偏差値比較(SAPIX/日能研R4/四谷Aライン/首都模試)
偏差値は「模試の母集団」が違うため、同じ数字でも難易度の意味が一致しません。併願校は“1つの模試で上下”ではなく、複数模試で“帯(ゾーン)”を見るのがおすすめです。
※SAPIXは公開されている一覧が「偏差値50以上中心」のため、本校は —(非掲載) 扱いとしています。
第1回:2/1(午前)4科
| SAPIX | 日能研R4(80%目安) | 四谷大塚(Aライン80) | 首都圏模試(80%目安) |
|---|---|---|---|
| —(非掲載) | 48 | 49 | 61 |
第2回:2/1(午後)算数1科
| SAPIX | 日能研R4(80%目安) | 四谷大塚(Aライン80) | 首都圏模試(80%目安) |
|---|---|---|---|
| —(非掲載) | 51 | 51 | 64 |
第3回:2/3(午前)4科
| SAPIX | 日能研R4(80%目安) | 四谷大塚(Aライン80) | 首都圏模試(80%目安) |
|---|---|---|---|
| —(非掲載) | 46 | 50 | 62 |
昨年度の入試結果と合格基準点
応募状況(出願・受験・合格・実質倍率)
| 年度 | 回 | 募集 | 出願 | 受験 | 合格 | 実質倍率 |
|---|---|---|---|---|---|---|
| 2026 | 第1回(2/1午前) | 100 | 172 | 164 | 107 | 1.5 |
| 2026 | 第2回(2/1午後) | 30 | 216 | 203 | 120 | 1.7 |
| 2026 | 第3回(2/3午前) | 30 | 237 | 104 | 49 | 2.1 |
| 2025 | 第1回(2/1午前) | 100 | 171 | 163 | 101 | 1.6 |
| 2025 | 第2回(2/1午後) | 30 | 213 | 187 | 121 | 1.5 |
| 2025 | 第3回(2/3午前) | 30 | 244 | 99 | 44 | 2.3 |
| 2024 | 第1回(2/1) | 100 | 169 | 157 | 95 | 1.8 |
| 2024 | 第2回(2/3) | 45 | 202 | 152 | 75 | 2.0 |
合格最低点(合格基準点の目安)
| 年度 | 第1回(4科・200点) | 第2回(算数・100点) | 第3回(4科・200点) |
|---|---|---|---|
| 2026 | 109 | 60 | 109 |
| 2025 | 119 | 54 | 124 |
| 2024 | 109 | —(算数1科なし) | —(第3回なし) |
※年度によって入試回数・方式が変わることがあります。推移を見る時は「同じ回(同じ方式)」で比較してください。

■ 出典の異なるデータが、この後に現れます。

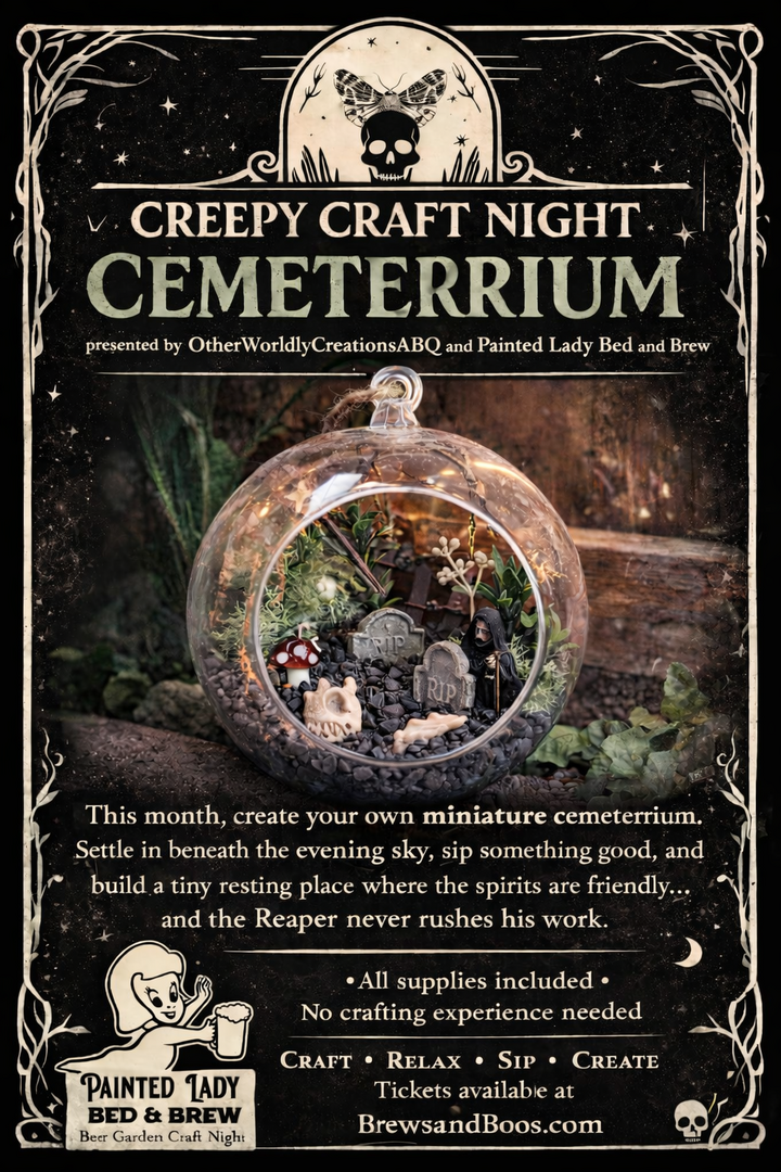 With the weather turning warm, we’ll gather in the Beer Garden, where lantern light flickers, drinks flow, and creativity rises like mist over an old graveyard. This month, create your own miniature cemeterrium, complete with tiny tombstones, winding paths, and perhaps a watchful Grim Reaper standing guard among the graves.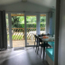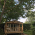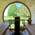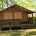 This wooden caravan comes with air conditioning, a private bathroom with shower and toilet, and BBQ facilities. They all have a fully equipped kitchen and a dining area.

進学実績(東大・医学部・国公立・早慶上智・GMARCH)
本校は日本女子大学への内部進学が大きな柱です。一方で外部大学受験も一定数あり、学年の進路分布を“内部+外部”で把握するとミスマッチが減ります。
大学合格実績(カテゴリ別・2025年度:延べ)
| カテゴリ | 人数(延べ) | メモ |
|---|---|---|
| 東京大学 | 1 | 外部受験の到達点としての目安 |
| 国公立大学(計) | 7 | 東大を含む |
| 医学部(医学科)(計) | 9 | 年により変動 |
| 早慶上智(計) | 25 | 早稲田・慶應・上智の合計 |
| GMARCH(計) | 44 | 学習院・明治・青学・立教・中央・法政 |
| 日本女子大学(内部進学) | 271 | 卒業生365名のうち(年度データ) |
(参考)早慶上智の内訳(2025年度:延べ)
| 大学 | 人数 |
|---|---|
| 早稲田 | 4 |
| 慶應 | 11 |
| 上智 | 10 |
※合格者数は「延べ(重複あり)」が一般的です。内部進学の仕組み・条件は年度で変わり得るため、公式の進路情報も必ず確認してください。
学費
2026年度入学向け(公式掲載の金額ベース)
| 区分 | 内訳 | 金額 |
|---|---|---|
| 入学手続時 | 入学料 250,000円+施設設備費(1期分)102,000円 | 352,000円 |
| 入学後(学費年額) | 授業料 511,000円+施設設備費(2・3期分)202,000円 | 713,000円 |
| 上記以外(中1) | 校納金等(2025年度実績) | 171,100円 |
| 初年度合計(目安) | 上記合算(制服・教材・行事等は別) | 約1,236,100円 |
※別途、制服・指定品・教材費・ICT関連・行事(宿泊行事など)等が発生します。最新額は必ず公式で確認してください。
校風・学びの特色
- 「自ら考え、自ら学び、自ら行う」を軸にした女子教育。ルールで縛るよりも、自治と自律で学校生活を組み立てるタイプです。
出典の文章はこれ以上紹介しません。